The purpose of this Vignette is to demonstrate the performance of onnxruntime inference with nativeORT, including CoreML capabilities. This will demonstrate nativeORT is capable of running at real-time (sub-29.97fps) inferencing.
This is tested on 50 256x256 arrays on an Apple M1 machine, simulating an incoming video stream.
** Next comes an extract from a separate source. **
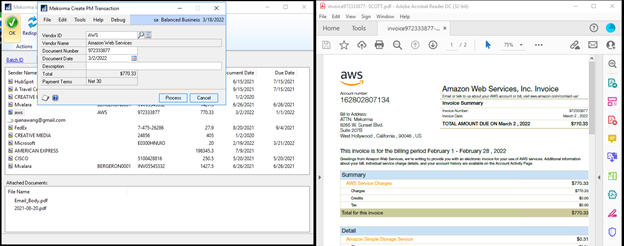 - Due Date: The AI will extract a Due date if present on the invoice and the system will use that Due date on the PM Transaction. However, if the vendor has default payment terms stored in the vendor master in Dynamics GP, those payment terms will over-write any Due Date from the invoice. In that case, the Due Date field will show but will be read-only. If you would like to use the Due Date from the invoice for a vendor with Payment Terms, you will need to override it in the PM Transaction Entry window.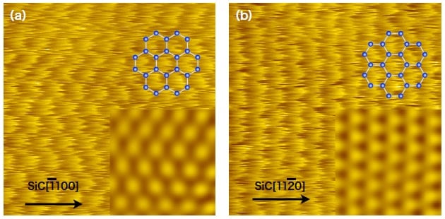 図6 グラフェン摩擦像の走査方位依存性(a)SiC[-1100]、(b)SiC[11-20]

# typical RGB 256x256 image
input <- array(
runif(1 * 3 * 256 * 256),
dim=c(1L, 3L, 256L, 256L)
)
session <- nativeORT::ort_session(model_path,
threads=0L,
opt_level=99L)
times_cpu <- numeric(100)
for (i in 1:100){
times_cpu[i] <- system.time(
nativeORT::ort_infer_raw(session, input)
)["elapsed"] * 1000
}
# CoreML
dir.create(path.expand("~/.nativeORT/cache"),
recursive = TRUE, showWarnings = FALSE
)
session <- nativeORT::ort_session(model_path,
provider='coreml',
cache_dir=path.expand("~/.nativeORT/cache"),
threads=0L,
opt_level=99L
)
times_coreml <- numeric(100)
for (i in 1:100){
times_coreml[i] <- system.time(
nativeORT::ort_infer_raw(session, input)
)["elapsed"] * 1000
}results <- data.frame(
run=rep(1:length(times_cpu), 2),
provider=c(
rep("CPU (nativeORT)", length(times_cpu)),
rep("CoreML (nativeORT)", length(times_coreml))
),
latency_ms=c(times_cpu, times_coreml)
)
ggplot(results, aes(x=run, y=latency_ms, color=provider)) +
geom_line() +
geom_hline(yintercept=33.3, linetype="dashed", color="red") +
annotate("text", x=85, y=40, label="29.97 fps threshold") +
labs(
title="Inference Latency Across Inference Engines",
subtitle="YOLOv11n, 256x256 Images, Apple M1",
x="Run",
y="Latency (ms)"
) +
theme_minimal()Notably, nativeORT can run substantially below real-time requirements. Due to optimization in the C++ bindings, the CPU and CoreML latency are near parity; however, it is of note that the CoreML runs offer better stability as they sit on dedicated hardware, whereas the CPU is subject to slowdowns when other processes hit.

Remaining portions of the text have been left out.